Marks & Spencers (M&S) Strategic Issue and Options
Marks & Spencers (M&S) is one of the largest multi-channel retailers in the world with over 120 years history. The company operates in 50 countries, including Western and Eastern Europe, Asia and Southeast Asia regions and employs over 82, 000 individuals worldwide. The company has been experiencing fast growth in all three segments, food, clothes and home products, based on its core strategic directions of organic growth in the UK and other European markets. Current strategy of the organization is based on five pillars: values, quality, service, innovation and trust (M&S, 2013). These founding values build on the organizational mission of bringing superior quality closer and making it more accessible. Annual report 2013 reflects a total revenue of £10 billion and net profit of £564, 3, where the UK market represents over 40% of the total income. The figures for 2013 represent 1. 3% growth and 14. 2% drop for the revenue and profit financial items respectively. This financial position allows arguing that the company has been experiencing strong internal financial pressure, based on the cost-side of the operations. Additional insight into the M&S strategic direction brings forward the goals under Plan A that outlines the shift from CSR-aware to CSR-driven strategy. The objective of this review is to identify the core strategic issue that the company faced in recent years and analyze potential strategic options that the company has to address its critical strategic challenges. The argument of this essay is that the major strategic issue of M&S over the period of 2010-2013 is the complexity of the supply chain management (SCM) outside the UK from system and logistics perspective that contributes towards increasing SCM costs and slows down the transformation into CSR-driven organization.

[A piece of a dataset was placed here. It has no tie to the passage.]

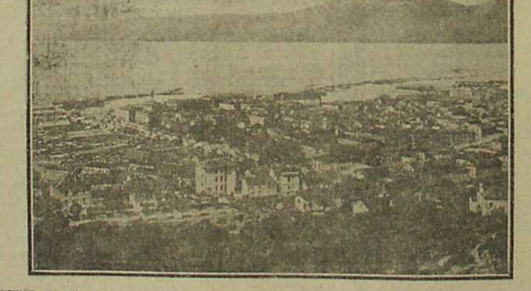
FUME.—EL GRAN PUERTO DE HUNGRIA, QUE FUE DESALOJADO POR LOS EJERCITOS AUSTRO-HUNGAROS Y EN DONDE YA GOBIERNA EL CONSEJO NACIONAL CROATA

felada, sucia, sinistra, abandonada, que rezumaba humedad... Pero pensaron, estremecidos, en la pieza que podrian tener ellos.

An insight into the internal capabilities of the company allows outlining several major strengths and some of the core focus areas that influence the company and have a direct impact on its strategic options. First of all, strong brand and supplier relationships, developed in the UK throughout the years, build on the strategic capabilities, providing robust quality control. Secondly, the company placed significant emphasis on development of in-house human capabilities through M&S talent programs and ongoing training and mentorship (M&S, 2013). This along with wide physical presence that gives scale and scope of operations and healthy financial equity position give M&S a solid ground for addressing its strategic issue through further integration of the SCM network through shared values approach and integrated CSR policies.
One of the core strengths of the M&S is the Brand and scale of its online and offline presence on the core markets. This strength comes along with solid financial base to support marketing and organic growth strategies that are incorporated into the “ click and brick” strategy and Plan A. Additionally, the company has developed a wide product portfolio that allow fast diversification and reduction of its dependency on the major external influences, such as floating exchange rates, the economic downturn and high variability and geographical disperse of sales in food and clothing. One of the critical weaknesses that was identified in the company is a lack of integration of the SCM in Europe and North America regions that resulted in the initial failure of the company to penetrate the markets. While M&S has developed strong supplier´s relationships in the UK, it could not replicate the approach with other countries due to smaller scale and strong strategic affiliation across the SC created by its major competitors. This lack of knowledge and technical expertise, such as ERP integration issues, outline the major challenges that the company should address in the future in view of its strategic issue.
With the above in mind, it is possible to outline in more details the scope of the strategic issue and possible benefits that some strategic options can give to the company as a way to address the challenges. It was identified that lack of supply chain integration from the system and commercial perspective outside the UK has created numerous challenges for the company in the past, such as failure to gain market share in North America and underperformance in the Netherlands and France, especially in online clothing retail segment. The same lack of coherency in the SCM jeopardizes the quality that builds on the major strategic pillars of the company. The reality demonstrates that the issue is generated first of all by the attempt of the company to replicate the strategy and operational layout of M&S UK to its international locations. The point is that M&S until today is a global company with the British mindset, whereas to fully succeed and unleash the opportunities in Europe and Asia it should be able to turn from the global player with universal the strategy to strategic player with globally personalized strategic portfolio. This situation can be called a strategic drift, where M&S has not yet developed a robust approach to handle fast-paced and constantly changing international business environment (Johnson, Scholes and Whittington, 2010). This transformation will be able to have more structural and innovative approach to the SCM management and will contribute towards the achievement of the 180 commitments outlined in Plan A.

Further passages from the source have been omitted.